It has been a great week on the hypocrisy front. A couple of high points:
The hypocrisy of the apparatchiks: Joe Nocera amplifies some of the points I made in my column. The determination of the Republicans on the crisis commission to lay the blame on Fannie and Freddie flies right in the face of the evidence; and Nocera also adds some information on the curious switch of positions taking place. A few years ago the same people now attacking F&F for promoting loans to low-income borrowers were attacking F&F for … not promoting loans to low-income borrowers. Back then they castigated F&F by pointing to the fact that private lenders were making loans where the agencies refused to tread, now they say that it was F&F that lured the private sector into making those very same loans.
Whatever. It must be the government’s fault, because, you know, because.
The hypocrisy of the centrists: Just two weeks ago, the deficit was the great evil, and all the VSPs insisted that we needed fiscal austerity now now now. Then, magically, a big tax cut — increasing federal debt by more than the original Obama stimulus, and substantially raising the probability of making unaffordable tax cuts permanent — was the greatest thing since sliced bread.

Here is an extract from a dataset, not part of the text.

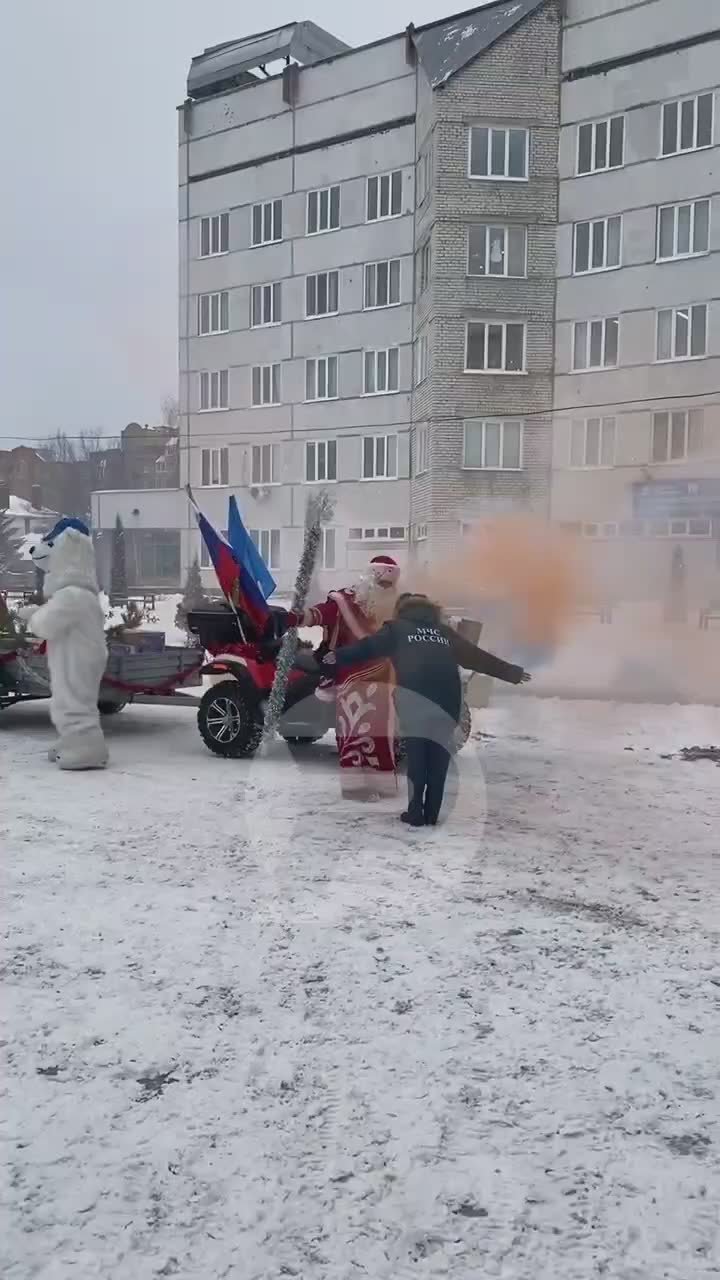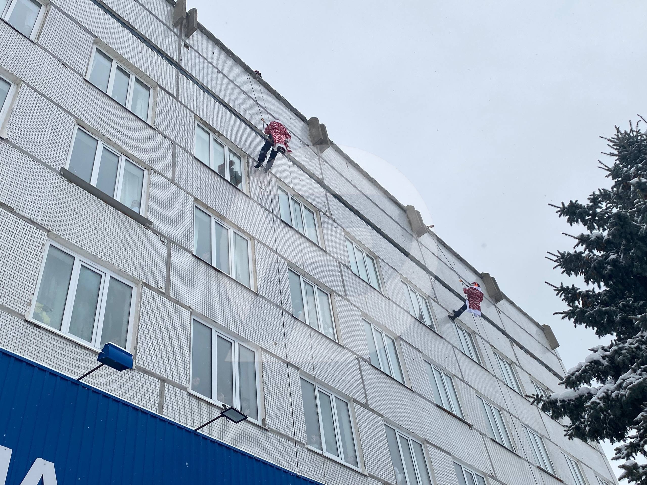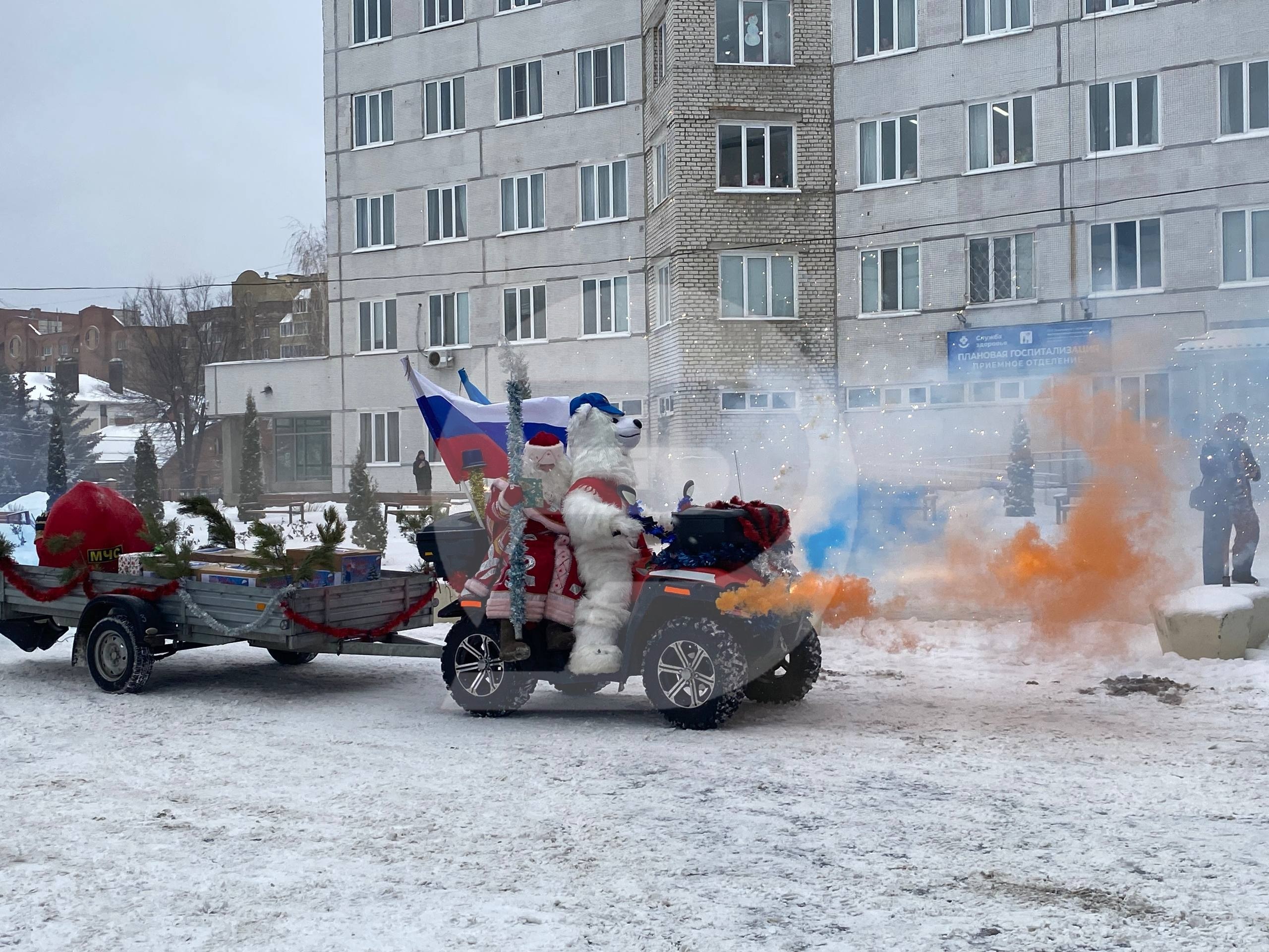 Дед Мороз со Снегурочкой привезли подарки на квадроциклах, а волшебники с альпинистским снаряжением спустились к окнам и поздравили детей с наступающим праздником.

Why, it’s almost as if all the concern about the deficit was a front for opposing anything progressives might want, to be dropped as soon as debt was being run up on behalf of conservative goals. But that can’t be true, can it?
In a way, I almost welcome the frankness of someone like Ron Paul, who tells us that there’s no need for any kind of bank regulations. It’s crazy, of course — even Adam Smith called for bank regulations, comparing them to building regulations designed to prevent the spread of fires. But at least the guy’s consistent. - Paul Krugman
Is Grammarly Turning Me Into A Cyborg?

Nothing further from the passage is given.